Requirement - What you output must match, exactly, the lines from the start of the records to the line containing "بسته ویژه ماه مبارک رمضان ۱۳", both ends kept and pictures excluded.

Study material below:

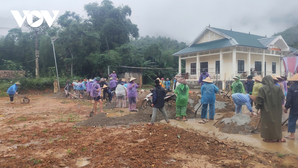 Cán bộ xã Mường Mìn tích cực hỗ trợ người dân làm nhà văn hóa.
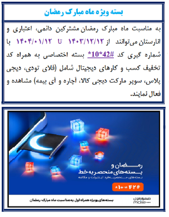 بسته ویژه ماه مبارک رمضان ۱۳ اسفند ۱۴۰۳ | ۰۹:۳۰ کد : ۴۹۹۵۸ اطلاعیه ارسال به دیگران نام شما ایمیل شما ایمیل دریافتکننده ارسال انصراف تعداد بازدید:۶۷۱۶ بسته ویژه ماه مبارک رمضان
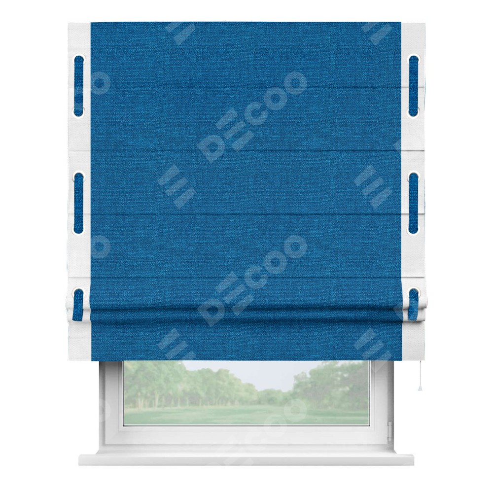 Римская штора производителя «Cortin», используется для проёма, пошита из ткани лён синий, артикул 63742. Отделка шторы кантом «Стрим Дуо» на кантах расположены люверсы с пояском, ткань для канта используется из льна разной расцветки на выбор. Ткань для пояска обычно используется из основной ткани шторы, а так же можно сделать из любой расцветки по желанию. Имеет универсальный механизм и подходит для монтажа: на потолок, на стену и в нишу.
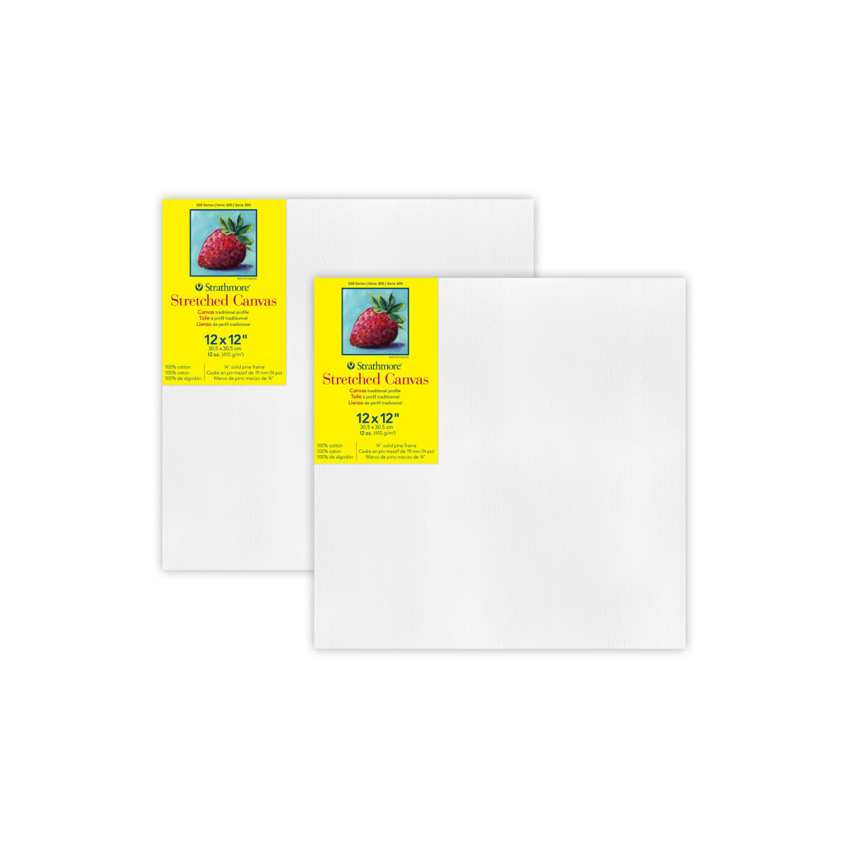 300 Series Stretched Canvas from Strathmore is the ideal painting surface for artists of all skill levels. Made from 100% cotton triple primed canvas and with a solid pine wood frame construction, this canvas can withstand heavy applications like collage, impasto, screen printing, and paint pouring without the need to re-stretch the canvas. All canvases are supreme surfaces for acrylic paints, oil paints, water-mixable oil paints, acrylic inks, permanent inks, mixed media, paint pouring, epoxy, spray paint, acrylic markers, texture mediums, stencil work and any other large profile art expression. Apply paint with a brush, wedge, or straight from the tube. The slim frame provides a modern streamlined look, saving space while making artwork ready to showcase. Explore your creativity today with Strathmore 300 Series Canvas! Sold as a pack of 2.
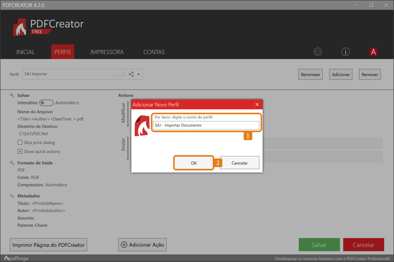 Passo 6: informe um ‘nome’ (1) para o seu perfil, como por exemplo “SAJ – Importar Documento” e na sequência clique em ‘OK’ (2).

End of Study material.

Output -
 Cán bộ xã Mường Mìn tích cực hỗ trợ người dân làm nhà văn hóa.
 بسته ویژه ماه مبارک رمضان ۱۳ اسفند ۱۴۰۳ | ۰۹:۳۰ کد : ۴۹۹۵۸ اطلاعیه ارسال به دیگران نام شما ایمیل شما ایمیل دریافتکننده ارسال انصراف تعداد بازدید:۶۷۱۶ بسته ویژه ماه مبارک رمضان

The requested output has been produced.